French doors to the first floor open onto a verandah with cast-iron colonnettes, railings and brackets underneath. The verandah roof is concave in section and projects to form a porch over the entrance porch, supported by elaborate cast-iron stanchions with acanthus scroll brackets. The verandah abuts against a storey band between the first and second floors.
Second-floor windows have projecting sills. An entablature with projecting cornice marks the second floor, the upper fascia of which is level with the sills of the attic windows. The attic storey has a diminutive plain entablature and then blocking course.
Cubitt attempted to create a central point of emphasis by treating numbers 6, 7 and 8 as projecting bays, with number 7 projecting furthest. This emphasis is diminished by numbers 3 and 11, which project as far as number 7. The resulting bay rhythm alternates between three projection depths across the terrace.
The end units, Chichester House and number 14, are the only units to have received the giant order. The ground floor of Chichester House is treated as banded rustication. Steps lead up to the entrance with over- and sidelights, set under a prostyle porch of fluted Doric columns which stop just short of antae at the end of short side walls. The entablature has a frieze of laurel wreaths, with a blocking course topped by a balustrade enclosing a first floor balcony. To the right of the entrance rises a full-height segmental bay of three windows.

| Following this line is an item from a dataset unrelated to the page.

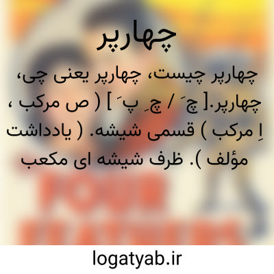 چهارپر.[ چ َ / چ ِ پ َ ] ( ص مرکب، اِ مرکب ) قسمی شیشه. ( یادداشت مؤلف ). ظرف شیشه ای مکعب مستطیل شکل که آب یا نوشابه را بکار دارند. || چهارپهلو. || دارای چهارپره. || قسمی چماق که بر سرآن آهنی گنده و چهارپر است. ( یادداشت مؤلف ). || دارای بال برای پریدن. رجوع به چارپر شود.

Giant pilasters of the Composite order rise across the first and second floors, with those framing the entrance range paired. The entablature to the pilasters is continuous with that of the entire terrace, except that the projecting cornice was removed from the bay when the attic windows were lengthened. Plain pilasters are applied to the attic storey on the axes of the giant order below, with the parapet above each attic pilaster projecting to form a short socle topped by an antefix finial. Instead of the first-floor balcony found on other units, first-floor windows including those on the return have individual cast-iron balconettes.
The design extends around the return, where coupled giant pilasters appear at the corner and bay, with single pilasters defining the remaining window ranges. A full-height segmental bay rises through the fourth- and fifth-window ranges. The second-window range is blocked. Giant pilasters are used again on number 14, where the facade is treated as a tetrastyle portico with a corresponding attic pilastrade. The entrance is reached up steps, enclosed by a distyle in antis porch of fluted Doric columns, with two side walls between antae and responds each pierced by one window. The entablature frieze features laurel wreaths.
Verandahs above porches have all been glazed during the 20th century except for number 4, where the verandah has been removed entirely. All units have four-panel doors of early to mid 19th century design. Entrance porches have been removed from numbers 1 to 4. Only a few sashes of original design remain: four-over-four to the ground floor of numbers 2, 3, 8, 9 and 10; two-over-two to the second floor of numbers 2, 3, 8 and 9; and two-over-two to the attic of number 8. Number 1 is currently undergoing restoration. Stacks are present to party and end walls.
Railings enclose stairs and areas. The interior was not inspected.
Chichester House, initially not considered part of the terrace or the broader development, was completed by 1832 and stood independently for some time. It was used as a young gentleman's academy and from 1938 to 1944 served as the home of novelist David Llewellyn Murray, an important member of Brighton's literary community.